Re: Re: hashing + roundrobin algorithm

From: wsq003 <wsq003#sina.com>
Date: Wed, 23 Nov 2011 20:21:49 +0800

I've made a private patch to haproxy (just a few lines of code, but not elegant), which can support this feature.

My condition is just like your imagination: consistent-hashing to a group then round-robin in this group.

Our design is that several 'server' will share a physical machine, and 'severs' of one group will be distributed to several physical machine. So, if one physical machine is down, nothing will pass through the cache layer, because every group still works. Then we will get a chance to recover the cluster as we want.

From: Willy Tarreau
Date: 2011-11-23 15:15
To: Rerngvit Yanggratoke
CC: haproxy; Baptiste
Subject: Re: hashing + roundrobin algorithm Hi,

On Fri, Nov 18, 2011 at 05:48:54PM +0100, Rerngvit Yanggratoke wrote:
> Hello All,
> First of all, pardon me if I'm not communicating very well. English
> is not my native language. We are running a static file distribution
> cluster. The cluster consists of many web servers serving static files over
> HTTP. We have very large number of files such that a single server simply
> can not keep all files (don't have enough disk space). In particular, a
> file can be served only from a subset of servers. Each file is uniquely
> identified by a file's URI. I would refer to this URI later as a key.
> I am investigating deploying HAProxy as a front end to this
> cluster. We want HAProxy to provide load balancing and automatic fail over.
> In other words, a request comes first to HAProxy and HAProxy should forward
> the request to appropriate backend server. More precisely, for a particular
> key, there should be at least two servers being forwarded to from HAProxy
> for the sake of load balancing. My question is what load
> balancing strategy should I use?
> I could use hashing(based on key) or consistent hashing. However,
> each file would end up being served by a single server on a particular
> moment. That means I wouldn't have load balancing and fail over for a
> particular key.

This question is much more a question of architecture than of configuration. What is important is not what you can do with haproxy, but how you want your service to run. I suspect that if you acquired hardware and bandwidth to build your service, you have pretty clear ideas of how your files will be distributed and/or replicated between your servers. You also know whether you'll serve millions of files or just a few tens, which means in the first case that you can safely have one server per URL, and in the later that you would risk overloading a server if everybody downloads the same file at a time. Maybe you have installed caches to avoid overloading some servers. You have probably planned what will happen when you add new servers, and what is supposed to happen when a server temporarily fails.

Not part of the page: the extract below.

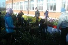 Сегодня учащиеся приняли участие в среднике по уборке прилегающей к школе территории.
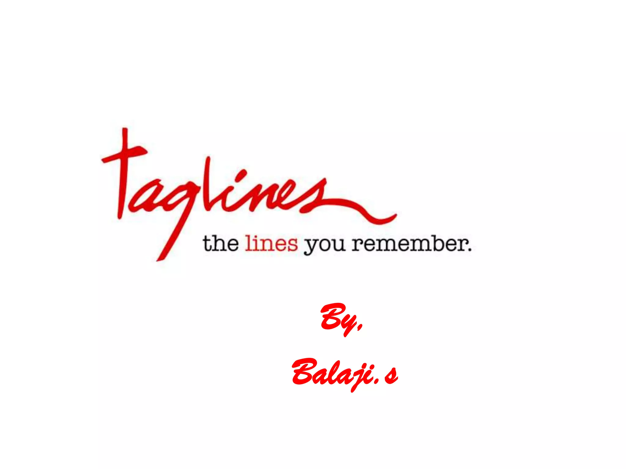 The document discusses taglines, which are short, memorable phrases used by companies to identify themselves and promote their brands. It notes that effective taglines attract attention and are not the same as mission statements. The document then categorizes different types of taglines, such as those that are descriptive of a company or product, persuasive, or provocative. It concludes with a quiz identifying well-known company taglines.

All of these are very important questions, they determine whether your site will work or fail.

Once you're able to respond to these questions, it becomes much more obvious what the LB strategy can be, if you want to dedicate server farms to some URLs, or load-balance each hash among a few servers because you have a particular replication strategy. And once you know what you need, then we can study how haproxy can respond to this need. Maybe it can't at all, maybe it's easy to modify it to respond to your needs, maybe it does respond pretty well.

My guess from what you describe is that it could make a lot of sense to have one layer of haproxy in front of Varnish caches. The first layer of haproxy chooses a cache based on a consistent hash of the URL, and each varnish is then configured to address a small bunch of servers in round robin. But this means that you need to assign servers to farms, and that if you lose a varnish, all the servers behind it are lost too.

If your files are present on all servers, it might make sense to use varnish as explained above but which would round-robin across all servers. That way you make the cache layer and the server layer independant of each other. But this can imply complex replication strategies.

As you see, there is no single response, you really need to define how you want your architecture to work and to scale first.